Aku cepat mendekat. Spontan tangan kanan ibu merangkul leherku, mendekatkan ke ujung bibirnya.
“Mari iringi ibu. Ashaduanla ilahaillah wa ashaduanna Muhammadar Rasulullah… Allahu Akbar… Allahu Akbar… Allahu Akbar…”
Aku terus mengikutinya. Hingga suara ibu tak terdengar lagi. Sementara tangannya semakin erat merangkulku, sehingga aku tak bisa melihat wajahnya dengan jelas. Beberapa saat kamar No. 46 kelas Ibnu Sina disekap keheningan. Sampai‑ sampai leherku pegal. Tapi aku tak berani memindahkan tangan ibu dari leherku.
Ketika Abah masuk kamar, spontan bertanya: “Ada apa Ridwan?”
“Nggak tahu. Ibu sehabis ngajak sama‑sama membaca syahadat…” Sebelum kalimatku rampung, Ayah telah memindahkan tangan ibu dari leherku.
Kami terkejut. Ibu terbujur kaku. Nafasnya tak terdengar. Aku cepat memencet bel, memanggil perawat. Dengan cekatan mereka memeriksa getar nadi di lengan ibu, juga kelopak matanya.
“Innalillahi wa innalillahi raziun …” Sepotong kalimat yang meluncur dari bibir perawat itu bagiku bagai petir di siang bolong. Aku terhenyak. Diam terpana.
***
Malam ini si Bungsu tidur seranjang denganku. Dia minta dikipasi. Sebentar saja aku menghentikan ayunan kipas di tanganku, matanya yang terkantup (dan kukira sudah tidur) serta merta terbangun. Ia spontan merengek minta dikipasi lagi.
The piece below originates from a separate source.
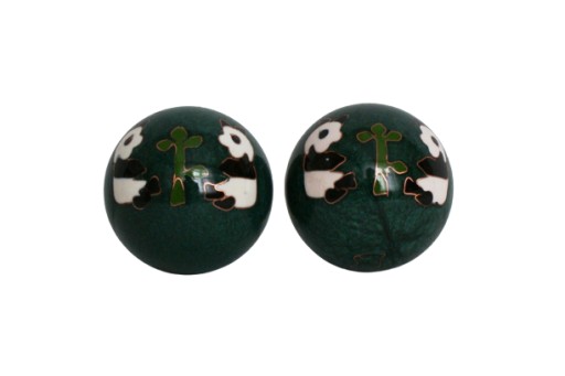 - 2 zielone kule grające w pandy z bambusem o średnicy dochodzącej do 5 cm,

Berjam‑jam baru ia benar‑benar tertidur pulas.
Saat itulah kusadari, betapa besar arti seorang ibu. Karena aku yang baru sekali ini menina‑bobokan si bungsu sudah merasakan pegal-pegal. Bagaimana dengan ibu yang dulu setiap malam mengeloninya.
Di usianya yang 10 tahun, ternyata Aina cukup mengerti bahwa mulai saat ini ia takkan pernah lagi berjumpa dengan ibu. Kecuali, barangkali di dalam mimpi.
“Kak, Pian jangan dulu balik ke Banjarmasin. Kalau Pian nggak ada, ulun tidur dengan siapa?” cetusnya tadi saat minta ditemani tidur.
Sejurus kemudian, aku pun teringat wasiat terakhir ibu agar selalu menjaga si Bungsu. Lalu, sanggupkah aku memenuhi amanah tersebut?